The sequence of changelists associated with file revisions in a collection is, in fact, a history of the collection. And when a collection is a directory, the sequence of changelists associated with it is the history of the directory. If the projectA directory contains only the files shown in Figure 1-3, for example, collapsing the diagram into a single timeline would show the history of projectA. We see this in Figure 1-5.
In the next section you’ll see how to list and compare directory revisions. Later chapters will show how directory revisions can be used for populating workspaces and in branching and merging operations.
Browsing Depot Files
You can do extensive browsing in a Perforce depot without having to set up a workspace of your own. In fact, there is very little reason to reproduce depot files locally just to see their contents. You can explore the depot hierarchy, peruse file history, read change descriptions, examine file content, and compare depot files, all without going to the trouble of setting up a workspace.
Tip
Many of the examples that follow are from the Perforce Public Depot. You, too, can browse the Public Depot by connecting to public.perforce.com:1666. (See Appendix A). However, some of the outputs shown here have been somewhat abridged to shorten line lengths and reduce clutter. If you connect to the Public Depot and try these commands for yourself, you’ll get more verbose results.
Navigating the file tree
The depot is a file tree, and the easiest way to navigate it is with a GUI. With P4V, for example, all you have to do is point and click to step down the tree and expand its subdirectories (or folders, as they’re called in P4V). A P4V depot tree is shown in Figure 1-6.
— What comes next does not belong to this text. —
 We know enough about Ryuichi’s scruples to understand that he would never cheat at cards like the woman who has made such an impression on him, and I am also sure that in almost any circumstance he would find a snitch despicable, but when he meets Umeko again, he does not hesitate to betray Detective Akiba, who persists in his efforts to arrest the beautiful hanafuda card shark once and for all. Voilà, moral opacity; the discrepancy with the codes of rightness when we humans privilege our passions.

However, you can also navigate from the command line, using P4. To list the topmost levels of the tree, for example, use this dirs command:
p4 dirs "//*"
//guest
//public
Notice that the dirs argument is quoted—that’s so the command shell won’t expand the asterisk before passing it to the p4 command.
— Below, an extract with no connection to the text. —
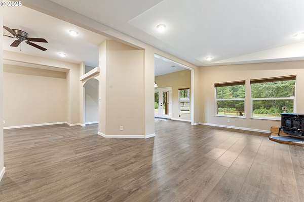 Est $3,248/moMove-in-ready 3BD/2BA on 5.6 private, well-maintained wooded acres south of Bandon, complete with walking paths, outbuildings, and a workshop. The home is in immaculate condition with high ceilings, pellet stove, stainless steel appliances, walk-in pantry, built-in automatic dustpan for easy cleanup and a large, bright laundry room. Spacious primary suite features a soaking tub and a huge walk-in closet. The oversized 2-car attached garage offers plenty of parking and storage. This is the secluded property you've been looking for!

Another way to show the top level of the depot hierarchy is with the depots command:
p4 depots
Depot guest 'Depot for guest users. '
Depot public 'Perforce's open source depot. '
Listing directories
The dirs command can be used at any level of the depot tree to list the subdirectories at that level. For example:
p4 dirs "//public/*"
//public/jam
//public/perforce
//public/revml
Listing directory history
The changes command shows the history of a directory, listing the most recent changes first:
p4 changes -m5 //public/revml/...
Change 4971 on 2005/05/21 ... '- Added test to make sure big_r'
Change 4970 on 2005/05/21 ... '- Allow sdbm files to handle la'
Change 4969 on 2005/05/21 ... '- Added a special command line '
Change 4968 on 2005/05/21 ... '- Use module name instead of lo'
Change 4967 on 2005/05/21 ... '- Removed "-d", leaving only "-'
(The -m5 flag restricts the output to the five most recent changes. Each change is identified with a changelist number and the first 30-odd characters of a description. If you want to see entire descriptions, use changes -l.)
In P4V you can use Folder History to see the history of a directory, as Figure 1-7 shows.
What’s in a changelist?
In addition to marking points in time, changelists also record the files that were changed and the user who changed them. You can show the details of a changelist with the describe command:
p4 describe -s 4417
Change 4417 by barrie on 2004/08/19 20:11:50
- Adapt to "estimated values" messages
- Adapt to more accurate test suite
Affected files ...
... //public/revml/bin/gentrevml#56 edit
... //public/revml/lib/VCP/TestUtils.pm#65 edit
... //public/revml/t/91cvs2revml.t#16 edit
... //public/revml/t/91vss2revml.t#7 edit
... //public/revml/t/95cvs2p4.t#30 edit
(The -s flag suppresses diff output. If you use describe without it, you’ll get a diff of every file in the changelist!)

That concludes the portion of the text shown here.